MATERIAL PROVIDED ▸
=== Begin Enclosure ===
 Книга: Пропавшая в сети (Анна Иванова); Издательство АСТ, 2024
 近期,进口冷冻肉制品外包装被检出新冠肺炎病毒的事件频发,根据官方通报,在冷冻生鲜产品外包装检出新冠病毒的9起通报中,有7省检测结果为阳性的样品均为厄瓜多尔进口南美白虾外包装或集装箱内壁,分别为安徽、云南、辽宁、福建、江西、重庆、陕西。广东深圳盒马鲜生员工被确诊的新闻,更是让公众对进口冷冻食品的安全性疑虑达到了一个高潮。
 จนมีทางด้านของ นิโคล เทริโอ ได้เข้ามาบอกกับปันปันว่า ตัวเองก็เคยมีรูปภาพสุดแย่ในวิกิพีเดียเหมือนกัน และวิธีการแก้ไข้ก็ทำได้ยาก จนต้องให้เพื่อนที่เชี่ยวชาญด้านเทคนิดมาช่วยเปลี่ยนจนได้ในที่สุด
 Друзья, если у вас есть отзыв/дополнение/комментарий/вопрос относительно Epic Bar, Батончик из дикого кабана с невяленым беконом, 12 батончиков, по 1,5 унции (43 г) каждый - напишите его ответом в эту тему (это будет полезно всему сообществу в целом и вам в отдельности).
=== End Enclosure ===
=== Begin Enclosure ===
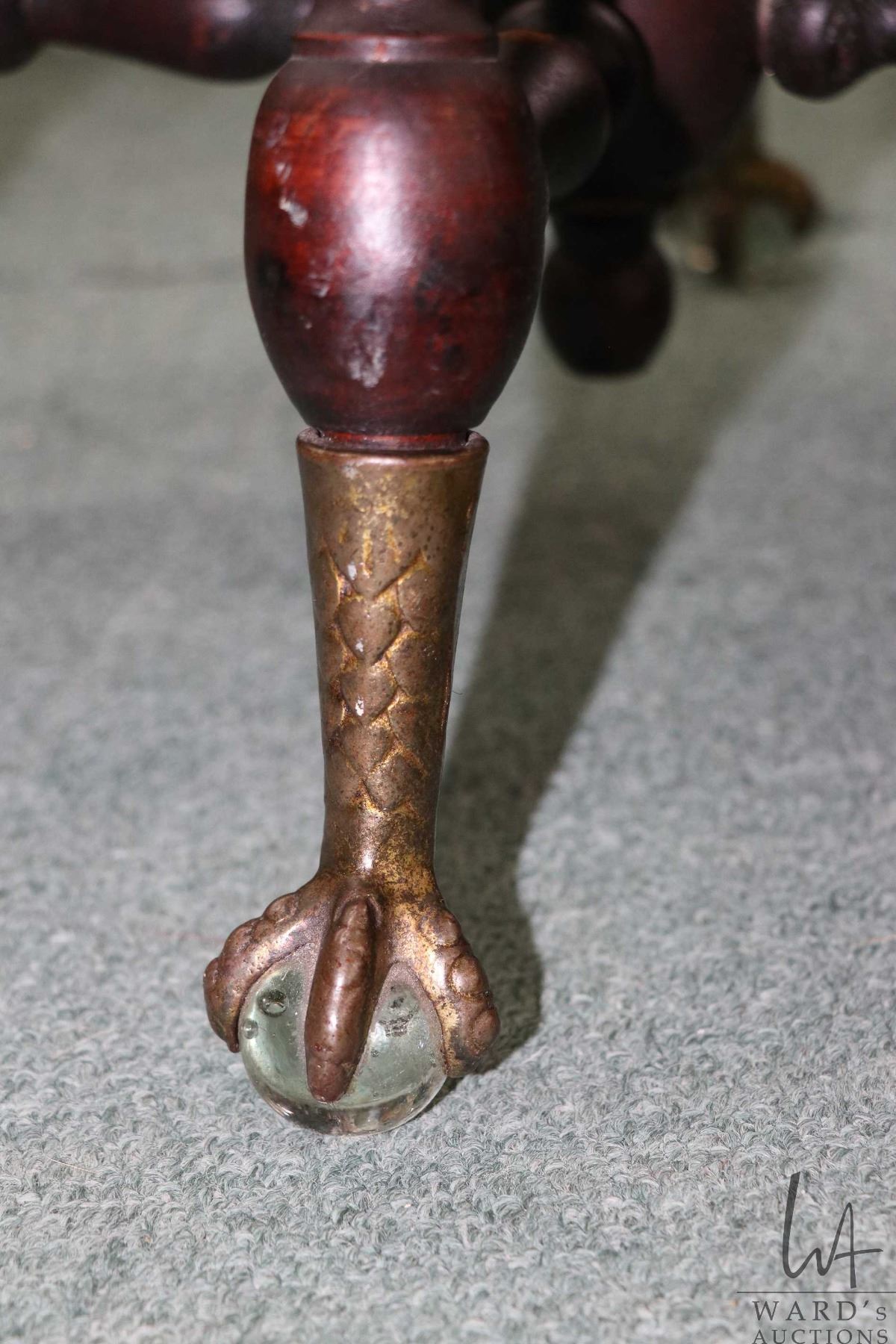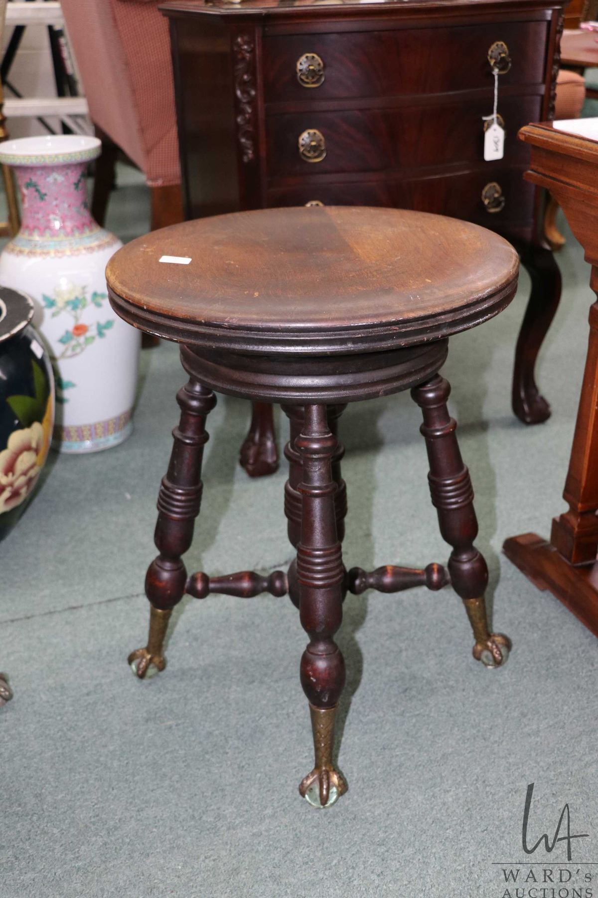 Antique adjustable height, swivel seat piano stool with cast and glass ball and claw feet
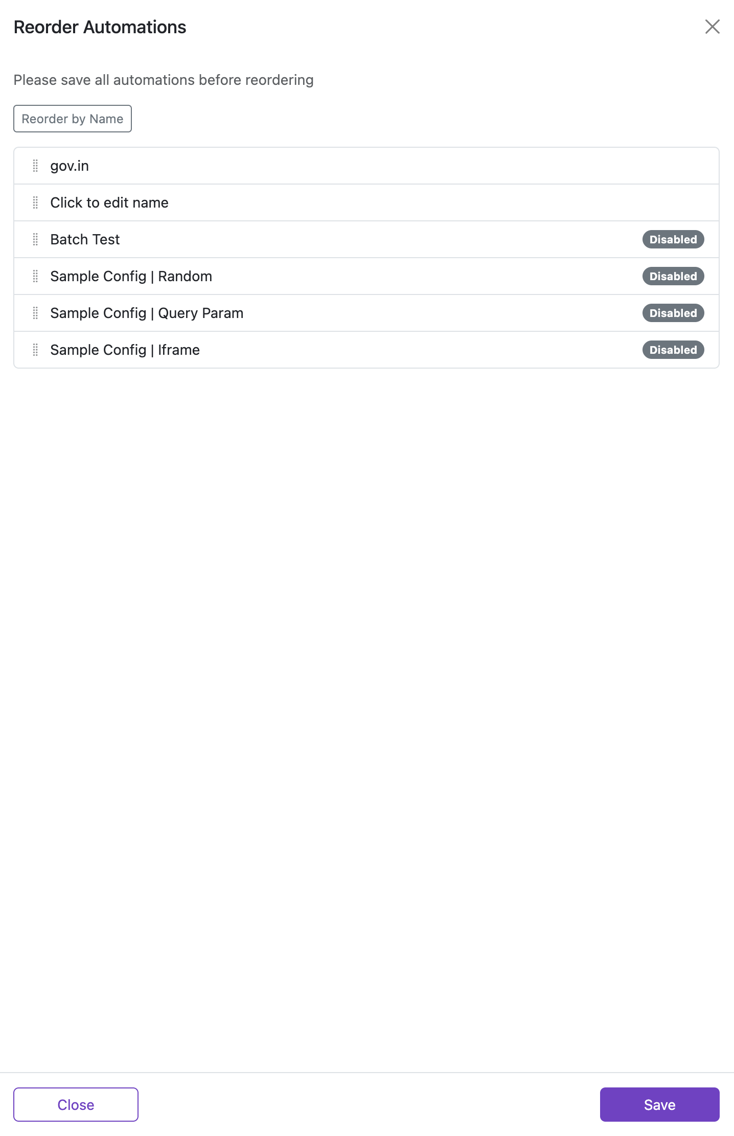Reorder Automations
=== End Enclosure ===
WHAT THE TASK ASKS ▸ Produce only the lines from the line containing "Книга: Пропавшая в" through the line containing "Друзья, если у", inclusive of both, exactly as they stand in the entries above.

ANSWER TO THE EXERCISE ▸
 Книга: Пропавшая в сети (Анна Иванова); Издательство АСТ, 2024
 近期,进口冷冻肉制品外包装被检出新冠肺炎病毒的事件频发,根据官方通报,在冷冻生鲜产品外包装检出新冠病毒的9起通报中,有7省检测结果为阳性的样品均为厄瓜多尔进口南美白虾外包装或集装箱内壁,分别为安徽、云南、辽宁、福建、江西、重庆、陕西。广东深圳盒马鲜生员工被确诊的新闻,更是让公众对进口冷冻食品的安全性疑虑达到了一个高潮。
 จนมีทางด้านของ นิโคล เทริโอ ได้เข้ามาบอกกับปันปันว่า ตัวเองก็เคยมีรูปภาพสุดแย่ในวิกิพีเดียเหมือนกัน และวิธีการแก้ไข้ก็ทำได้ยาก จนต้องให้เพื่อนที่เชี่ยวชาญด้านเทคนิดมาช่วยเปลี่ยนจนได้ในที่สุด
 Друзья, если у вас есть отзыв/дополнение/комментарий/вопрос относительно Epic Bar, Батончик из дикого кабана с невяленым беконом, 12 батончиков, по 1,5 унции (43 г) каждый - напишите его ответом в эту тему (это будет полезно всему сообществу в целом и вам в отдельности).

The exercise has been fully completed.